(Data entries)
BEGIN

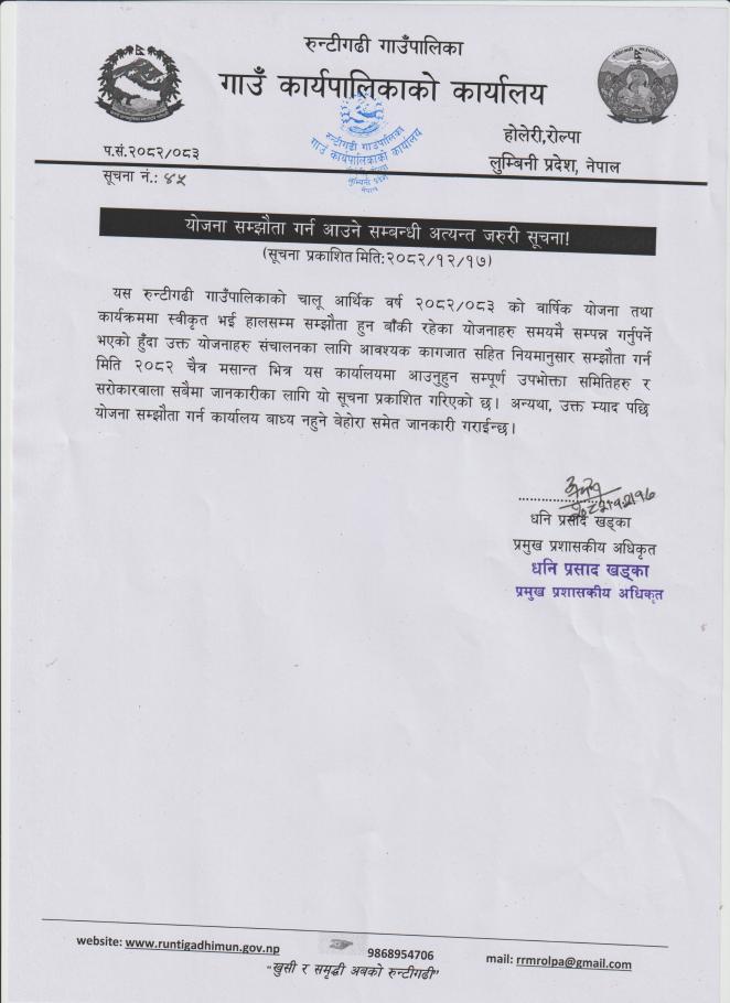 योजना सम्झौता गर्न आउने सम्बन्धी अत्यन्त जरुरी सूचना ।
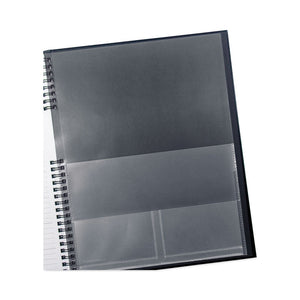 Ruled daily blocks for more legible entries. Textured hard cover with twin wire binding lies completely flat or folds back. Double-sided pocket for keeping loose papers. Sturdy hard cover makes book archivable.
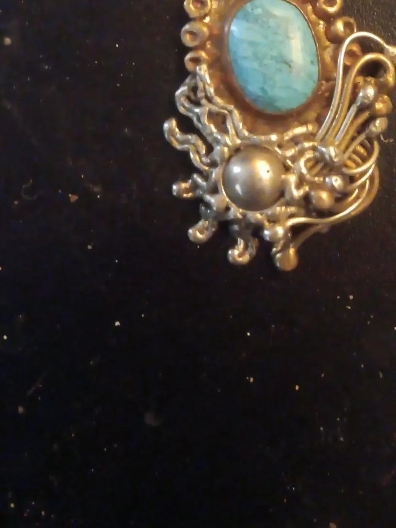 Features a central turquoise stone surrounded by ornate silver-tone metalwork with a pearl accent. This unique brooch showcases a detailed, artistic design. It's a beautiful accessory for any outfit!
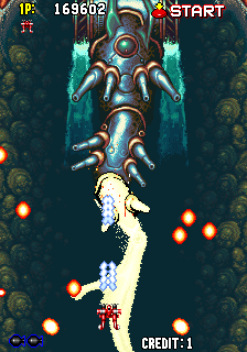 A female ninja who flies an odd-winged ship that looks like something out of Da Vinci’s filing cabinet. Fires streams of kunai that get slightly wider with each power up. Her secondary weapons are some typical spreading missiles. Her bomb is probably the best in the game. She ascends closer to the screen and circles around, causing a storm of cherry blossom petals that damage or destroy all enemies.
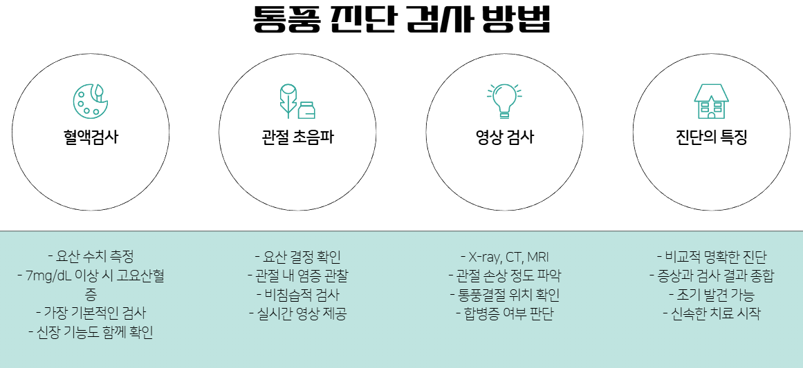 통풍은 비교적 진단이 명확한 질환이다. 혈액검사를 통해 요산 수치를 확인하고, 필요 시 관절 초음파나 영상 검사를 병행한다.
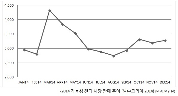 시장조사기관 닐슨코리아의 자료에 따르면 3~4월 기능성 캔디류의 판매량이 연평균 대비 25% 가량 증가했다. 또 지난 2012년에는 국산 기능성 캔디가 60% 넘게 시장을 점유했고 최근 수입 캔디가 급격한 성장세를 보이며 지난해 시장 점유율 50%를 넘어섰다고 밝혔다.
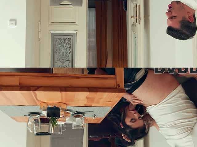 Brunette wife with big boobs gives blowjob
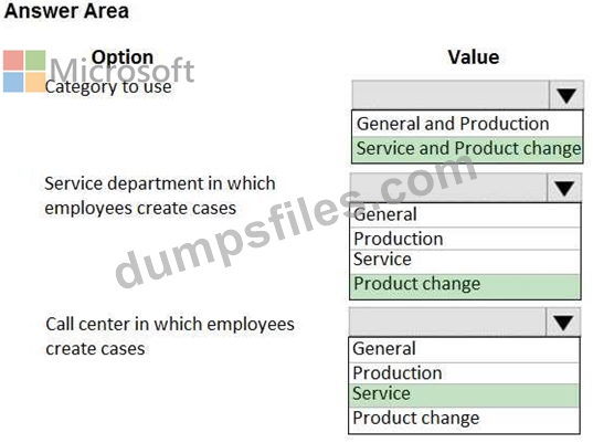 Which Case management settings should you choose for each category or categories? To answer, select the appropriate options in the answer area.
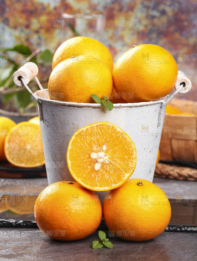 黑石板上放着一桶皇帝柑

END

Your answer must be an exact transcription of the records above, minus the pictures.

 योजना सम्झौता गर्न आउने सम्बन्धी अत्यन्त जरुरी सूचना ।
 Ruled daily blocks for more legible entries. Textured hard cover with twin wire binding lies completely flat or folds back. Double-sided pocket for keeping loose papers. Sturdy hard cover makes book archivable.
 Features a central turquoise stone surrounded by ornate silver-tone metalwork with a pearl accent. This unique brooch showcases a detailed, artistic design. It's a beautiful accessory for any outfit!
 A female ninja who flies an odd-winged ship that looks like something out of Da Vinci’s filing cabinet. Fires streams of kunai that get slightly wider with each power up. Her secondary weapons are some typical spreading missiles. Her bomb is probably the best in the game. She ascends closer to the screen and circles around, causing a storm of cherry blossom petals that damage or destroy all enemies.
 통풍은 비교적 진단이 명확한 질환이다. 혈액검사를 통해 요산 수치를 확인하고, 필요 시 관절 초음파나 영상 검사를 병행한다.
 시장조사기관 닐슨코리아의 자료에 따르면 3~4월 기능성 캔디류의 판매량이 연평균 대비 25% 가량 증가했다. 또 지난 2012년에는 국산 기능성 캔디가 60% 넘게 시장을 점유했고 최근 수입 캔디가 급격한 성장세를 보이며 지난해 시장 점유율 50%를 넘어섰다고 밝혔다.
 Brunette wife with big boobs gives blowjob
 Which Case management settings should you choose for each category or categories? To answer, select the appropriate options in the answer area.
 黑石板上放着一桶皇帝柑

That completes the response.